Global Ripple Effects: Asian and European Indices React

Asian and European markets felt the shockwaves. The Shanghai Composite (SSE) fell 0.94% to 3,897.03, as Beijing’s trade retaliation deepened investor caution. The Stoxx 600 in Europe closed flat at 564.16, but futures signaled weakness ahead as investors prepared for spillover effects. Global trade volumes are expected to slow into year-end, with economists warning that new restrictions on rare earths could reverberate through manufacturing hubs from Germany to Japan.

Macroeconomic Sentiment Turns Defensive

The Fear & Greed Index dropped to 29, firmly in “fear” territory. Analysts note that the shift mirrors the sentiment reversal seen in April, when Trump’s previous tariff shock triggered a correction. Hedge funds have begun cutting exposure to growth sectors, while ETFs tracking defensive industries such as utilities and healthcare have seen sharp inflows. Data from FactSet shows that 45% of U.S. households’ financial assets are now tied to equities—an all-time high—raising systemic risk if volatility deepens.

Week Ahead: Key Earnings and Market Outlook

Investors now brace for an event-heavy week. Oracle (NYSE:ORCL) kicks off its AI World Conference on Monday, where executives are expected to highlight new AI partnerships after shares dropped 3.2% Friday. Major banks including JPMorgan (JPM), Goldman Sachs (GS), and Wells Fargo (WFC) report earnings Tuesday, followed by Taiwan Semiconductor (TSM) and Interactive Brokers (NASDAQ:IBKR) on Thursday. Markets will also monitor whether Trump and President Xi proceed with the APEC meeting, as any sign of reconciliation could stabilize futures trading.

Market Verdict: Short-Term Bearish, Defensive Positioning Favored

Technical damage across major indices confirms a short-term bearish bias. The Nasdaq is vulnerable to a further pullback toward 21,500, while the S&P 500 faces critical support near 6,500. The Dow may stabilize around 44,800, but sentiment remains fragile. Gold’s strength above $4,000 and the sharp retreat in yields underscore the shift toward defensive assets.
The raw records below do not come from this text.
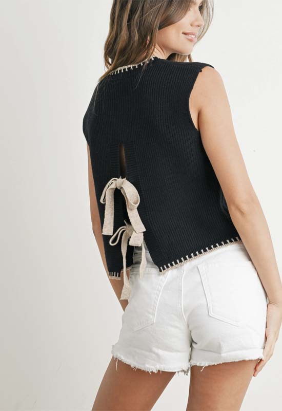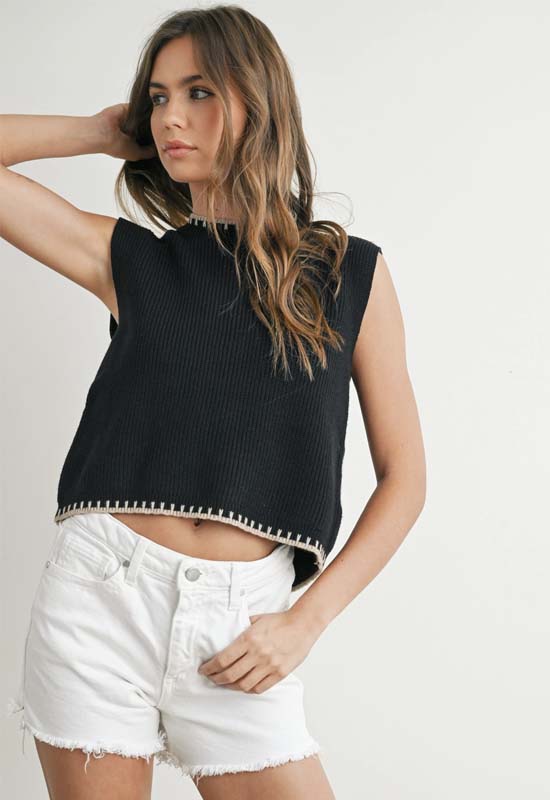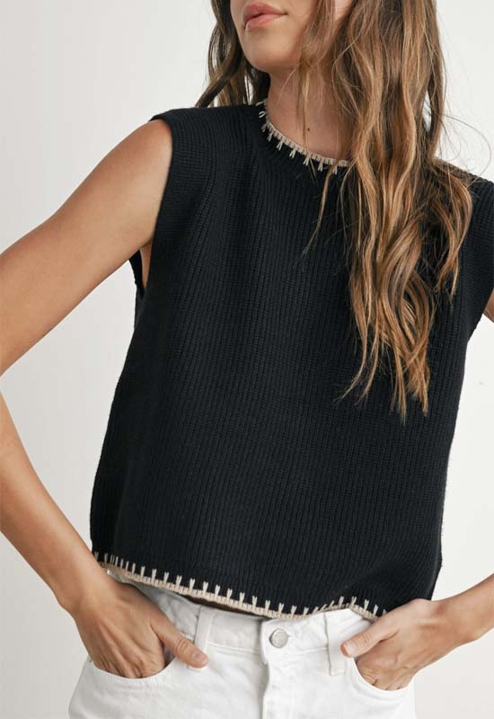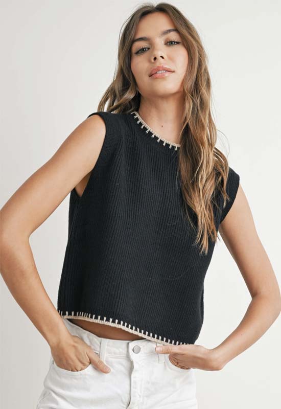 Effortlessly elevate your style with our Ribbed Sweater Vest Top in Black Taupe. The ribbed texture adds an edgy touch, while the sleeveless design keeps you cool and comfortable. Perfect for layering or standing out on its own. Stay chic and cozy all day long.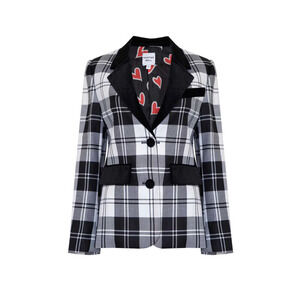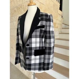 Hunter Bell Catherine Blazer Black White Plaid Checkered Large NEW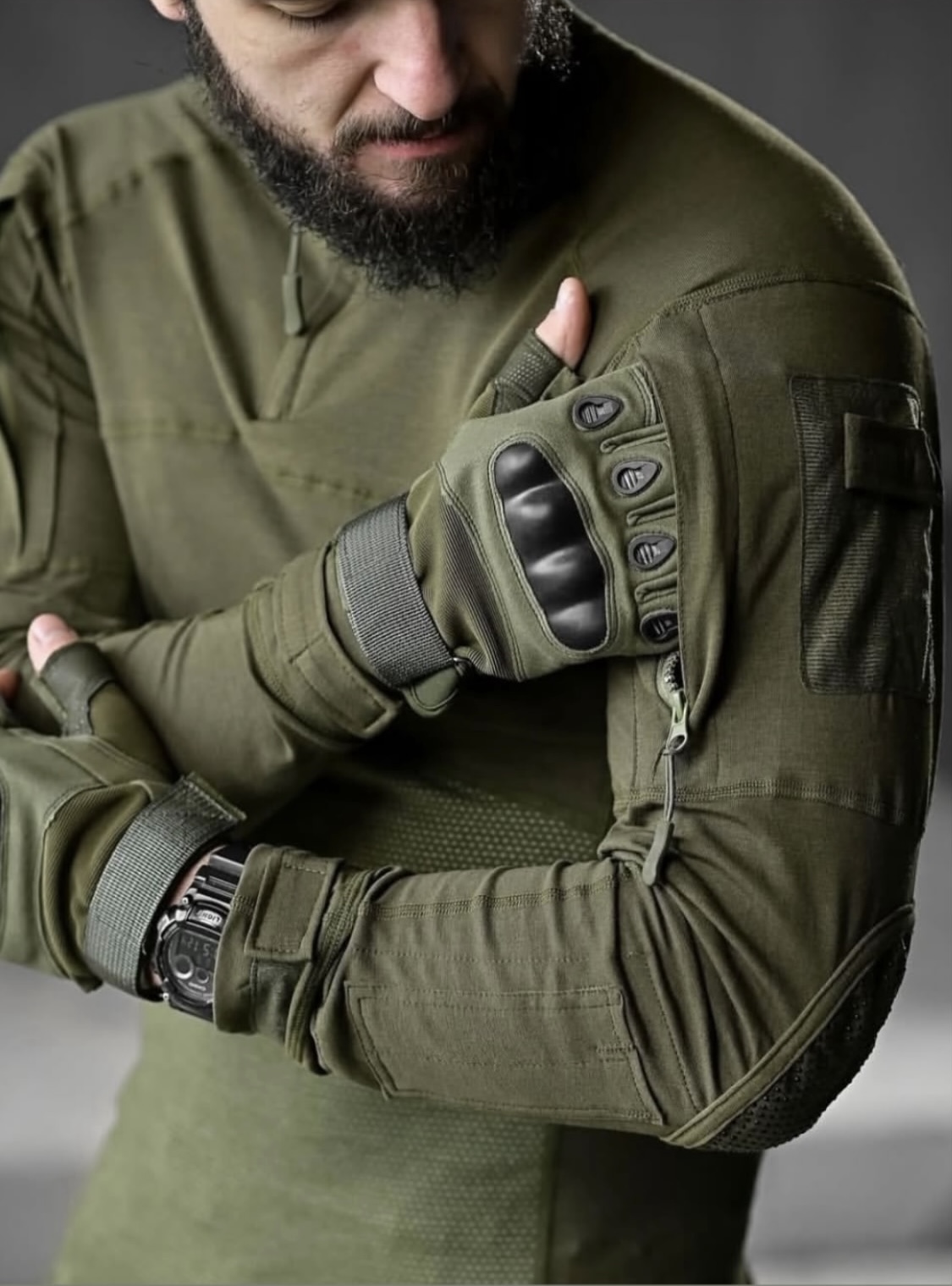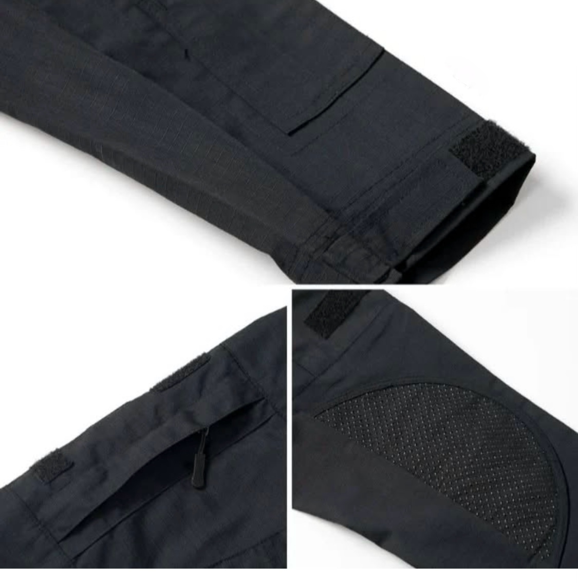 آستین‌ها از پارچه ضخیم تاکتیکال مشابه یونیفرم‌های نظامی ساخته شده‌اند.

  • S&P 500 (6,552.51)Sell bias, momentum broken below support

  • Nasdaq Composite (22,204.43)Bearish trend, watch 21,500 zone

  • Dow Jones (45,479.60)Hold, but risk elevated

  • Gold (4,035.70)Buy, safe-haven flows intact

  • Crude Oil (58.24)Sell, demand risk persists

Markets enter the new week under high tension, with tariffs and geopolitics dictating sentiment. Volatility is back, and investors are shifting decisively from greed to caution as Wall Street adjusts to a renewed era of trade confrontation.